* [Exercise brief]
Would you print the lines below exactly, beginning at the line that has "Joint master Timmy" and stopping after the line that has "フランスの新年のお祝いに楽し"? Only those lines, and no pictures.

* [Input material]

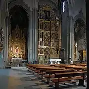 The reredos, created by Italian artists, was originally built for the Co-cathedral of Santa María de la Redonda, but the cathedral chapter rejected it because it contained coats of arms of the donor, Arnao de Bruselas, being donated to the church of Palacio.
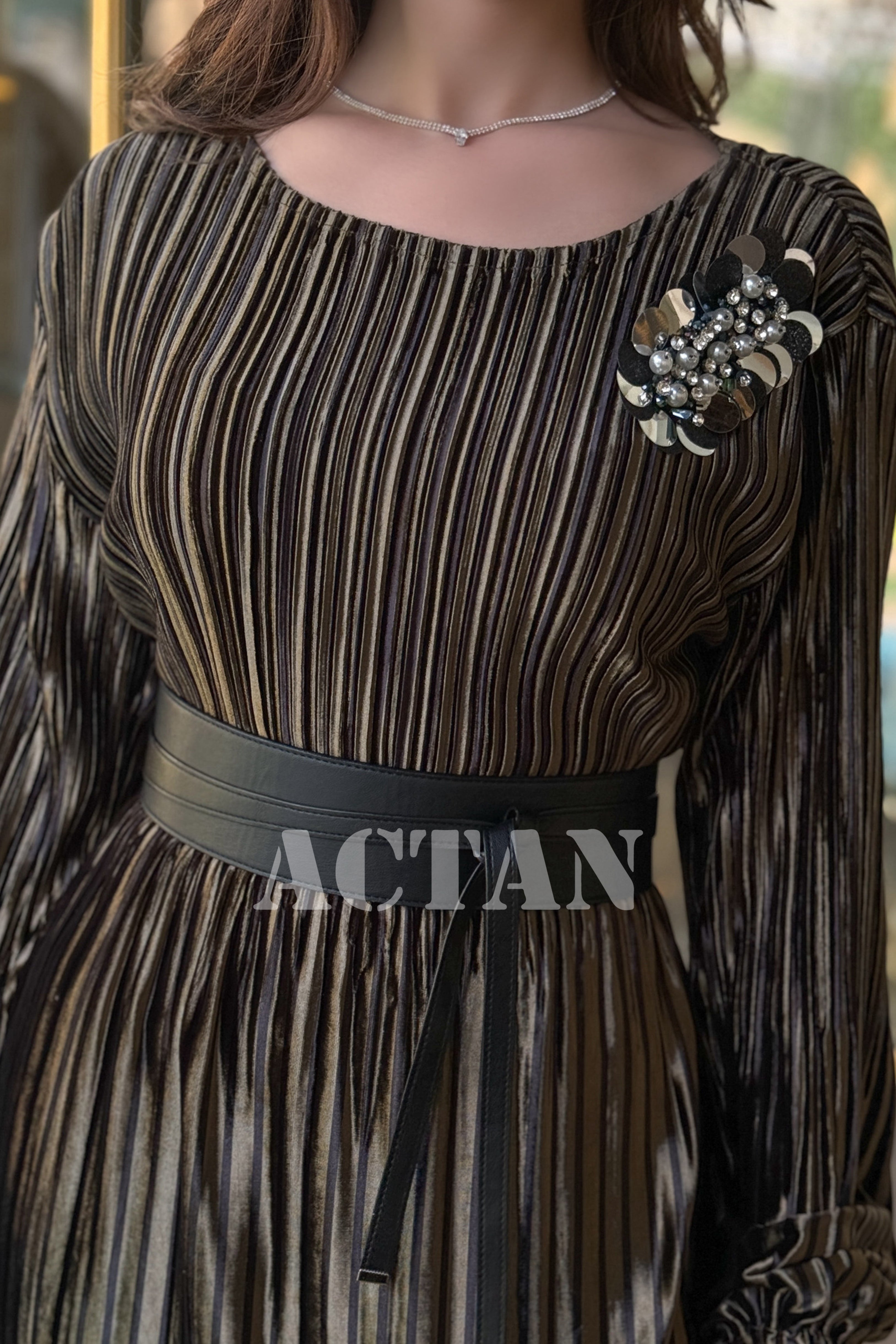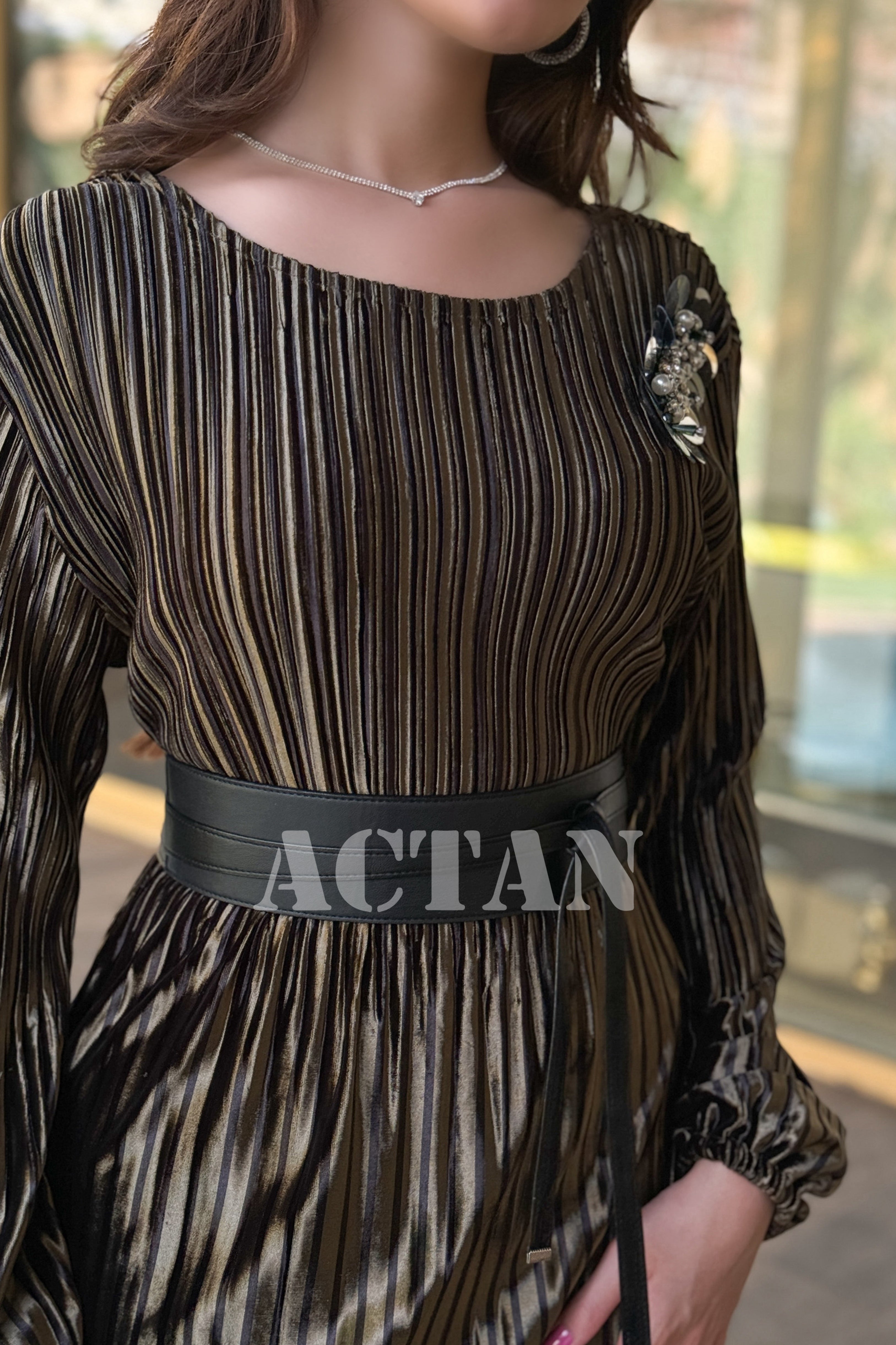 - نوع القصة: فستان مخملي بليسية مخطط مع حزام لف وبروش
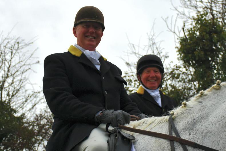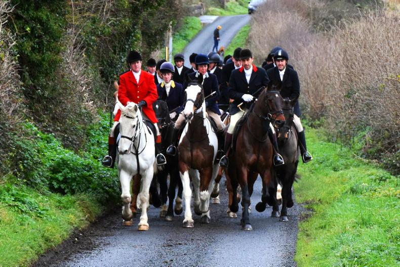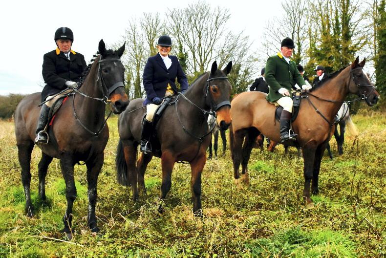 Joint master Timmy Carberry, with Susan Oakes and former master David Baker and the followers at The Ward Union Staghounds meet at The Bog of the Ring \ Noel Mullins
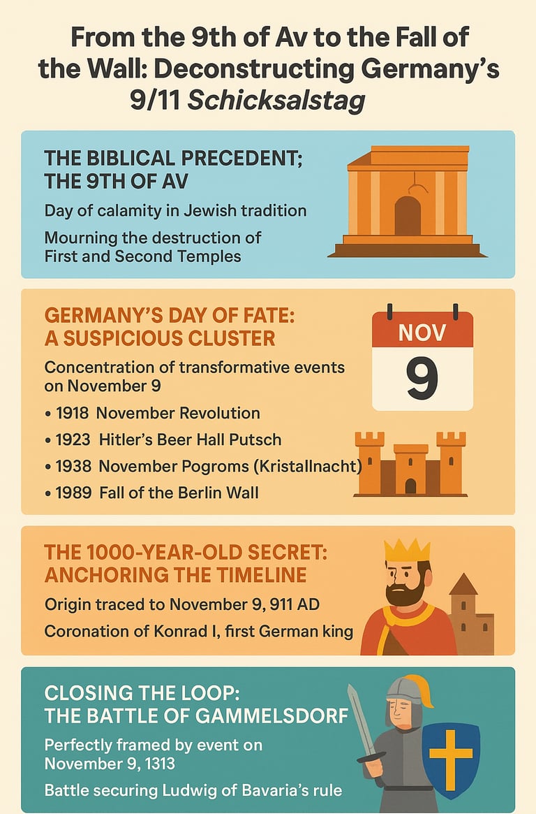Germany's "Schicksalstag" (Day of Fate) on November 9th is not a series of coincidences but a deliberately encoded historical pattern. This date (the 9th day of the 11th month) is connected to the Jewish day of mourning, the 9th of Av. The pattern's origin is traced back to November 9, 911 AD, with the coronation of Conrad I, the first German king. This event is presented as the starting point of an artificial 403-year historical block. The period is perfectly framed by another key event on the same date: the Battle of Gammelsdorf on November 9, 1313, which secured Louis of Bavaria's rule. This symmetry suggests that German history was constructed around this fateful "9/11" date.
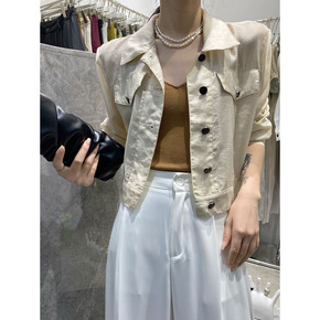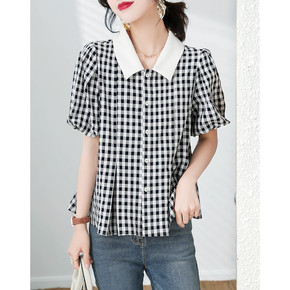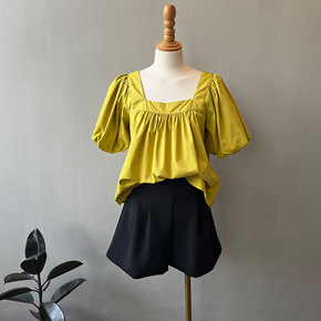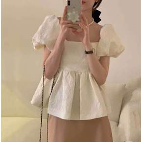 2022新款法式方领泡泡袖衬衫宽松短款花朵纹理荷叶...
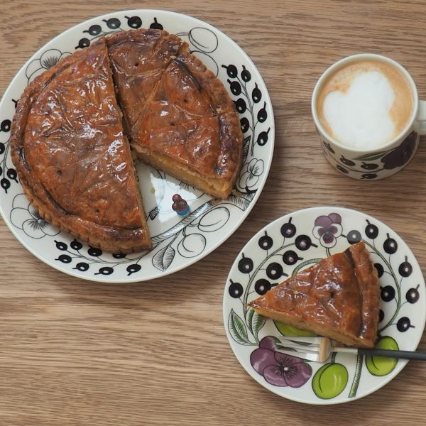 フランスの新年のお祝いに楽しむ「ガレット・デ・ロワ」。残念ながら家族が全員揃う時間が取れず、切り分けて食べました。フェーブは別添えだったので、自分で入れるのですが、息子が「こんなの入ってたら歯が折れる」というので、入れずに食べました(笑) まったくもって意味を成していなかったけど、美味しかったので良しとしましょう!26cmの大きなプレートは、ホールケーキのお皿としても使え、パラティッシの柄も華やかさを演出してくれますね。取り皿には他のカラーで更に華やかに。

==

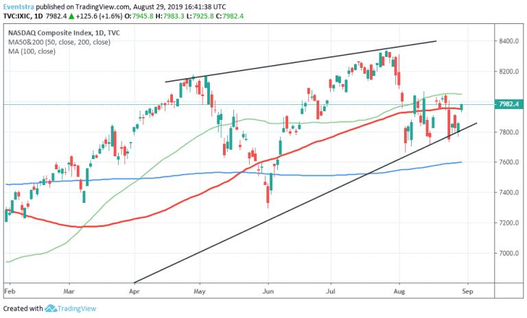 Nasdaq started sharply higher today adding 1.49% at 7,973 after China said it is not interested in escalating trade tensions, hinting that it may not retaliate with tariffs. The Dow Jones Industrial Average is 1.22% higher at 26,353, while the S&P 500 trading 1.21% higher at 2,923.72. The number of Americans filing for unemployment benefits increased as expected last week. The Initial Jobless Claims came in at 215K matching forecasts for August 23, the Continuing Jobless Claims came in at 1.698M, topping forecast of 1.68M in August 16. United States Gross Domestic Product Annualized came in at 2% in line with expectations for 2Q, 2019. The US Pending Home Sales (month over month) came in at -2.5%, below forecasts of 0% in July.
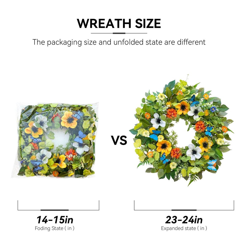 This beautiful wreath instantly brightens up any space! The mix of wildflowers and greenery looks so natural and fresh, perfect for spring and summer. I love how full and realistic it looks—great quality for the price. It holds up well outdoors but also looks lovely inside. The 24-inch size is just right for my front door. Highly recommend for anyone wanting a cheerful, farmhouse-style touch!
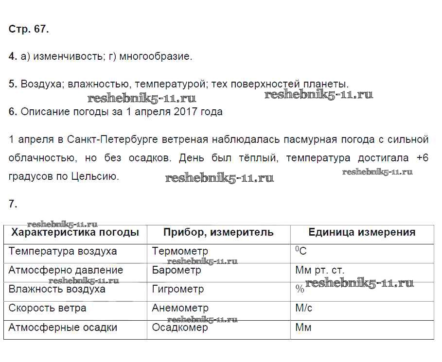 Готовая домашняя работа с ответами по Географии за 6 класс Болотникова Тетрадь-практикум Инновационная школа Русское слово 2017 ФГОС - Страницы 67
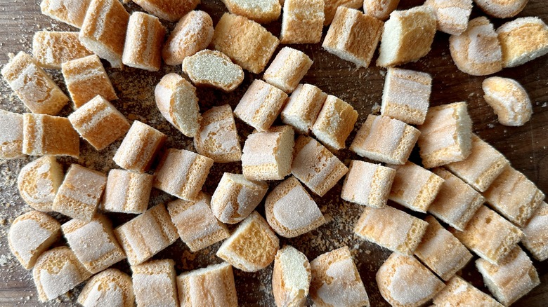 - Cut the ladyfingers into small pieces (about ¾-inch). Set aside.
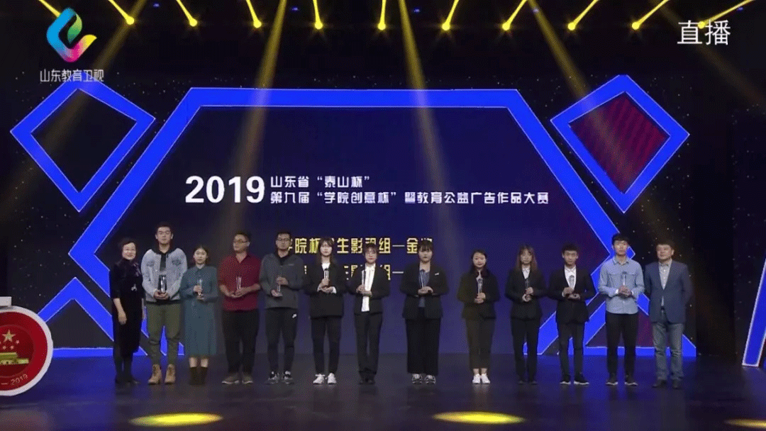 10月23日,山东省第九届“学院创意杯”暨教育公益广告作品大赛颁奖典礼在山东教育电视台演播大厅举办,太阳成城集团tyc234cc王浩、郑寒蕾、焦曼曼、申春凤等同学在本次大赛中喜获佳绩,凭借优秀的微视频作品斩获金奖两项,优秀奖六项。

* [Response to the task]
 Joint master Timmy Carberry, with Susan Oakes and former master David Baker and the followers at The Ward Union Staghounds meet at The Bog of the Ring \ Noel Mullins
Germany's "Schicksalstag" (Day of Fate) on November 9th is not a series of coincidences but a deliberately encoded historical pattern. This date (the 9th day of the 11th month) is connected to the Jewish day of mourning, the 9th of Av. The pattern's origin is traced back to November 9, 911 AD, with the coronation of Conrad I, the first German king. This event is presented as the starting point of an artificial 403-year historical block. The period is perfectly framed by another key event on the same date: the Battle of Gammelsdorf on November 9, 1313, which secured Louis of Bavaria's rule. This symmetry suggests that German history was constructed around this fateful "9/11" date.
 2022新款法式方领泡泡袖衬衫宽松短款花朵纹理荷叶...
 フランスの新年のお祝いに楽しむ「ガレット・デ・ロワ」。残念ながら家族が全員揃う時間が取れず、切り分けて食べました。フェーブは別添えだったので、自分で入れるのですが、息子が「こんなの入ってたら歯が折れる」というので、入れずに食べました(笑) まったくもって意味を成していなかったけど、美味しかったので良しとしましょう!26cmの大きなプレートは、ホールケーキのお皿としても使え、パラティッシの柄も華やかさを演出してくれますね。取り皿には他のカラーで更に華やかに。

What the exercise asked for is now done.